In the mid-1960s when five nice young men calling themselves The Rolling Stones appeared on the British music scene the moral majority went into convulsions over what appeared to it is as a symptom of, as Penelope Spheeris’s 1981 documentary on the punk movement had it, The Decline of Western Civilization.  By the late '70s the Stones were washed up both as a creative force and standard bearers of rebellion but a Seattle band called The Mentors, formed in 1976 in the wake of the English punk scene, were boldly carrying on rock's noble tradition, expressed so eloquently by Jack Black in School of Rock (2003), of “Stickin’ it to the man”.

Although not mentioned in Spheeris’s excellent documentary, The Mentors whose founder members were drummer and lead singer Eldon Hoke ("El Duce" ), lead guitar Eric Carlson (Sickie Wifebeater), and bass guitar Steve Broy (Dr Heathen Scum), achieved a good deal of notoriety playing what they called “rape rock” - a hybrid of punk and what would become known as thrash metal - kitted out in home-made cartoon executioners’ hoods and distinguished principally by their provocatively scatological and direly sexist lyrics.
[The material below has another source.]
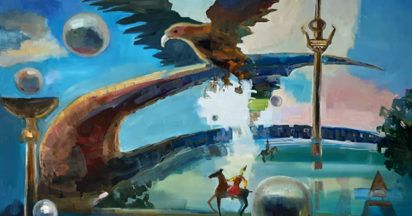 ماسەلەن, سۋرەتكەردىڭ ءبىز ۇسىنعان كارتيناسىنا نازار سالىڭىزشى. قىران قۇس, قىش ىدىستار, اتتى ادام, شام, دومالانعان دۇنيە ءبارى-ءبارى الىستان مۇنارتادى, ولار ءار ءداۋىردىڭ بەلگىلەرى, بىراق كەنەپكە كەنەتتەن قونباعان. اۆتوردىڭ ويلاۋ ءورىسى اسپاندى تۇتاستاي ءبىر جارىقتىڭ شەڭبەرىنە بايلاپ, وتكەن مەن بۇگىنگىنىڭ اراسىنا شەكارا قويمايدى. شىعارمانىڭ ەرەكشەلىگى دە وسىندا.

First-time director April Jones’s relatively short and somewhat misleadlingly titled (the band is more outrageous than sleazy) documentary about the band holds no surprises as it comprehensively charts The Mentors’ astonishingly long history (they remain active today) of making music (they actually could play their instruments), behaving badly (Hoke who died in 1997, in particular) and the usual assortment of burn-outs and line-up changes.  

But while all this will be of interest to various groupods of fans, whether of the band or punk/thrash metal in general, the film’s most stimulating achievement for the general viewer is the contribution it makes to issues of censorship, civil liberties and the moral good.  Watching the film and listening to the band's ostensibly reprehensible yet strangely waggish songs such questions are never far from one’s mind. On the surface, The Mentors may seem to be the gutter trash of 20th century popular music but don’t forget that The Rolling Stones were once regarded as malevolent agents of moral corruption.